## RECORDED DATA
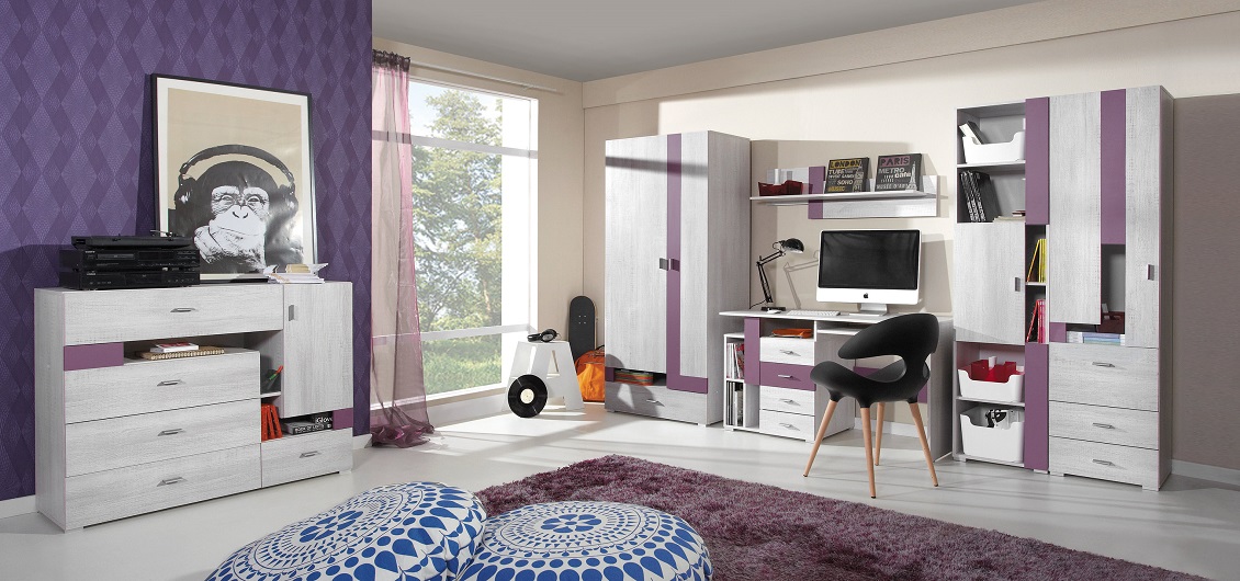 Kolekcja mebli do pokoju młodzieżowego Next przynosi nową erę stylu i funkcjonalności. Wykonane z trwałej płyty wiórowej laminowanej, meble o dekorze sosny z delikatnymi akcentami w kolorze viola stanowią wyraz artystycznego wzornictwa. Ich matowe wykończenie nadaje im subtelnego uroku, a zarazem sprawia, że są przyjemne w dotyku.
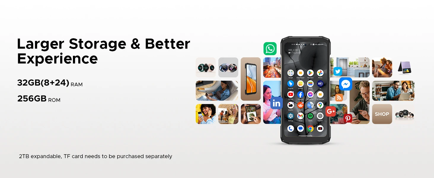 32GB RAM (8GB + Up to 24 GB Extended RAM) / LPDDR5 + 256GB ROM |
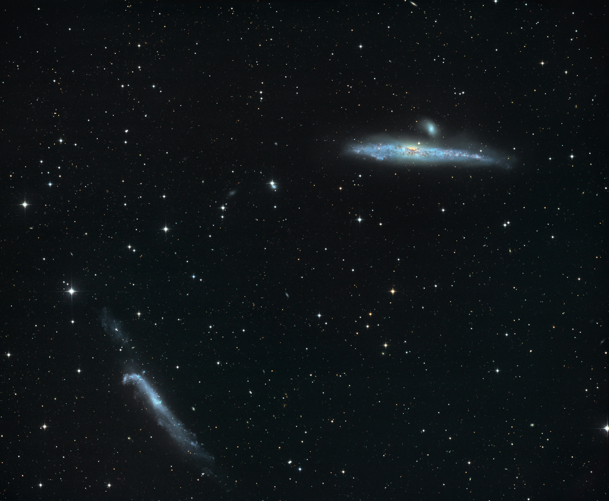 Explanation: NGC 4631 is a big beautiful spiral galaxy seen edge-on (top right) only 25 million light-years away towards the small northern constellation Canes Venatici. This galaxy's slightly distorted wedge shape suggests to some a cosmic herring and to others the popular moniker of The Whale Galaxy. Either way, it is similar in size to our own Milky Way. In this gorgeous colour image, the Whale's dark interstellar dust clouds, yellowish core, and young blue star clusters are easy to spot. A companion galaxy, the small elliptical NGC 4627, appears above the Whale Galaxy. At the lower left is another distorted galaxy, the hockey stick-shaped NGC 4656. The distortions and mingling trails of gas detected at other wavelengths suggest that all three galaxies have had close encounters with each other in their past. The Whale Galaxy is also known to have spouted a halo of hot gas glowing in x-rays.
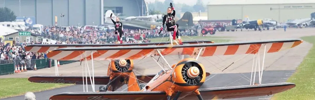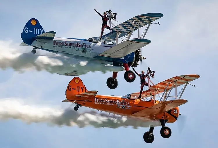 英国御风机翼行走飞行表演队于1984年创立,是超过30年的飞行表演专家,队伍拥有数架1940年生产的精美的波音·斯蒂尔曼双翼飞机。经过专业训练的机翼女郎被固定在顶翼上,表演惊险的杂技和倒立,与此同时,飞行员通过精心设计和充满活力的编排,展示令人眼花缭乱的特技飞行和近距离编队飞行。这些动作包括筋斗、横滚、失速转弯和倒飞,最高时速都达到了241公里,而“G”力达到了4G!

## TASK DETAILS
The lines to be transcribed are those from the first line of the data above through the line holding "32GB RAM (8GB", inclusive; copy them exactly and only, leaving out the pictures.

## RESULT FOR THIS EXERCISE
 Kolekcja mebli do pokoju młodzieżowego Next przynosi nową erę stylu i funkcjonalności. Wykonane z trwałej płyty wiórowej laminowanej, meble o dekorze sosny z delikatnymi akcentami w kolorze viola stanowią wyraz artystycznego wzornictwa. Ich matowe wykończenie nadaje im subtelnego uroku, a zarazem sprawia, że są przyjemne w dotyku.
 32GB RAM (8GB + Up to 24 GB Extended RAM) / LPDDR5 + 256GB ROM |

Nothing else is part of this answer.